Personal information
- Listed height: 6 ft 1 in (1.85 m)
- Listed weight: 233 lb (106 kg)

Career information
- High school: A. C. Reynolds (Asheville, North Carolina)
- College: East Carolina (2019–2023);
- Stats at ESPN

= Alex Flinn (American football) =

American football player

Alex Flinn is an American former college football quarterback who played for the East Carolina Pirates.

== Early life ==
Flinn grew up in Fletcher, North Carolina and attended A. C. Reynolds High School where he lettered in football and baseball. In his high school career, Flinn completed 534 of his 829 pass attempts for 7,431 yards, 76 touchdowns and 20 interceptions. Flinn also rushed for 1,088 yards and 24 touchdowns, while hauling in nine receptions for 68 yards.
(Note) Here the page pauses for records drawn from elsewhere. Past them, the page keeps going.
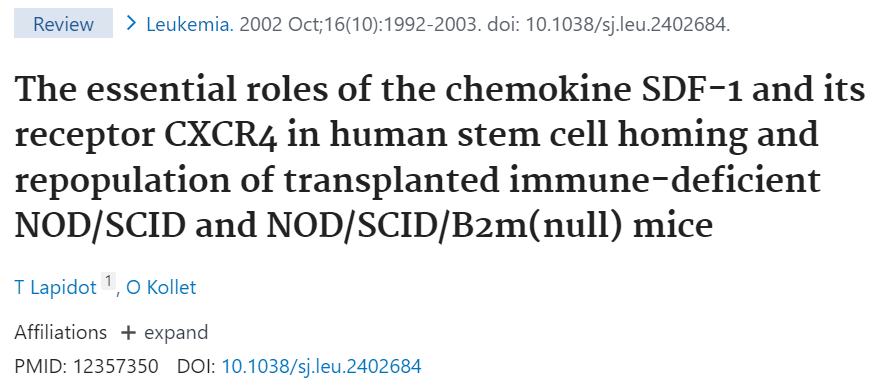 [1] Lapidot, T., & Kollet, O. (2002). Leukemia, 16(10), 1992-2003.
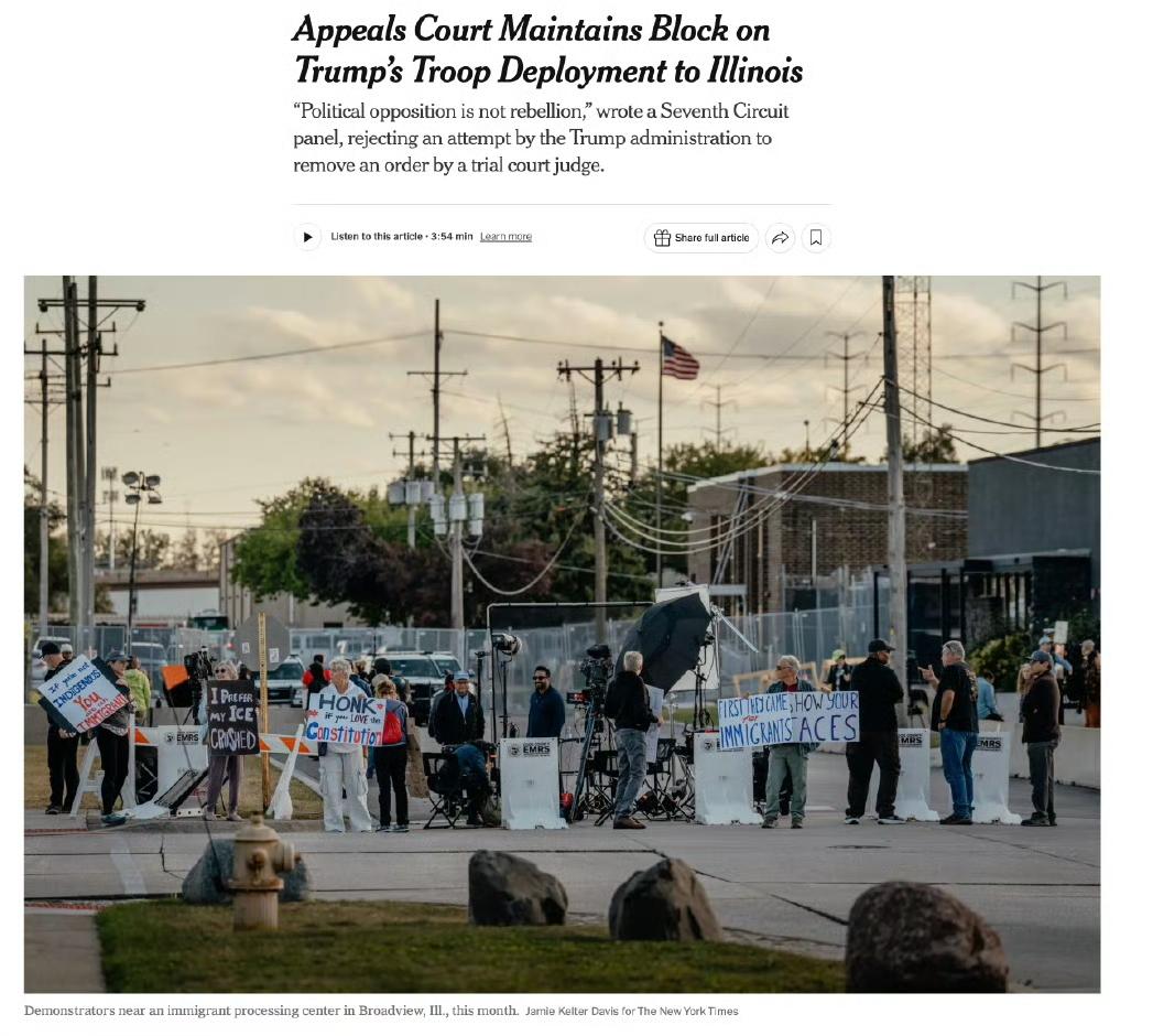 上诉法院驳回特朗普要求向伊利诺伊州部署国民警卫队的请求 联邦上诉小组周四同意下级法院法官的意见,阻止特朗普政府向芝加哥地区部署国民警卫队。 三名法官是伊拉娜·罗夫纳、戴维·汉密尔顿和艾米·圣伊芙。分别由前总统布什、奥巴马和特朗普提名。法官们说:“政治反对并非叛乱,”他们写道。“示威者为抗议联邦政府的移民政策和行动而采取的激烈、持续且偶尔暴力的行动,仅此而已,并不构成反抗政府权威的危险。”
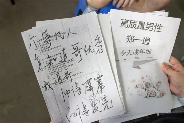 今年3月17日,郑一逍18岁生日这一天,全班同学每人给他画了一幅“逍”像画,附上祝福的话语,厚厚的40页纸汇成了一本特殊的生日册。有人写道:“尔等凡人,怎知道我逍哥优秀!”“首考失利,但相信你的实力,一定会在6月的考场绽放。”还有人把他画成像绿巨人一样的肌肉男。“真的超级感动!”郑一逍说,翻看册子的时候,能感到沉甸甸的期待与鼓励。

He was rated a three-star recruit and committed to play college football at East Carolina University.

== College career ==
Flinn was redshirted during his true freshman season with the Pirates in 2019 and was on the developmental roster. During the 2020 season, he earned inclusion on the weekly dress-out roster but did not play in a game due to the COVID-19 pandemic. During the 2021 season, he earned inclusion on the weekly dress-out roster for the second year in a row and did not play in a game. During the 2022 season, he appeared in two games and finished the season by logging five snaps.

During the 2023 season, Flinn was named the starting quarterback during the Week 3 game against Appalachian State. He finished the game completing 17 out of 31 passing attempts for 158 yards with three interceptions along with one solo stop. During the Week 4 game against Gardner–Webb, he completed eight out of 18 passing attempts for 94 yards with a touchdown. During the Week 5 game against Rice, he completed a career high 21 out of 44 passing attempts for 246 yards with an interception. During the Week 9 game against Tulane, Flinn completed a 10/18 throwing stat line with 125 total yards along with leading the team with a 13 play and 71 yard drive game.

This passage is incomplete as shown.